Defending against a vacation application is one of the most serious and expensive legal battles in Canadian immigration law.
| Expense Type | Estimated Cost (CAD) |
|---|---|
| Initial Legal Retainer & Evidence Review | $3,000 to $5,000 |
| Full Lawyer Representation (Hearing) | $8,000 to $15,000+ |
| Independent Private Investigator (Optional) | $2,000 to $5,000 |
| Federal Court Judicial Review | $5,000 to $10,000+ (If the RPD rules against you) |
How Long Does the Process Take?
The timeline for a vacation proceeding is incredibly stressful and drawn out. The CBSA investigation itself can take years before you are notified. Once the Notice to Appear is issued, it typically takes 6 to 12 months to reach the actual RPD hearing date. ⏱ If you lose and appeal the decision to the Federal Court, the litigation can drag on for an additional 12 to 18 months.
Frequently Asked Questions (FAQ)
Can my status be vacated after I become a Canadian Citizen?
If you have already obtained Canadian citizenship, the RPD cannot vacate your refugee status directly. Instead, the government must initiate a highly complex citizenship revocation process in Federal Court to strip you of your citizenship before deporting you.
Will my spouse and children lose their status too?
It depends. If your family members received their status purely as dependents on your fraudulent claim, the Minister will likely apply to vacate their status as well. If they had independent claims, they might be safe. Your lawyer must defend the family as a whole.
Can I appeal to the Refugee Appeal Division (RAD)?

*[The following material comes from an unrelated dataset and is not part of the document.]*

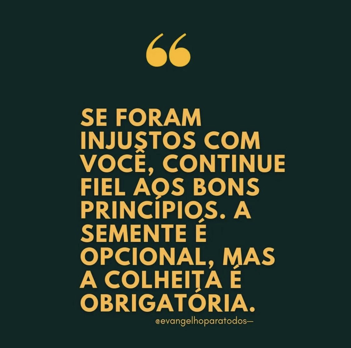 Se foram injustos com você, continue fiel aos bons princípios. A semente é opcional, mas a colheita é obrigatória!

No. Under Canadian immigration law, if your refugee protection is vacated under Section 109, you are explicitly barred from appealing to the RAD. Your only legal recourse is to apply for Judicial Review at the Federal Court of Canada.
What if my previous lawyer or consultant told me to lie?
Blaming bad advice from a former lawyer or unlicensed consultant is rarely a successful defence. In Canada, you are ultimately responsible for the truthfulness of the documents you sign. However, your new lawyer might try to argue a breach of natural justice.
Can I apply for H&C to stay in Canada?
If your status is vacated, you are generally subject to a 5-year ban on making a Humanitarian and Compassionate (H&C) application, unless you can prove severe risk to the life of a child or an inability to receive critical medical care in your home country.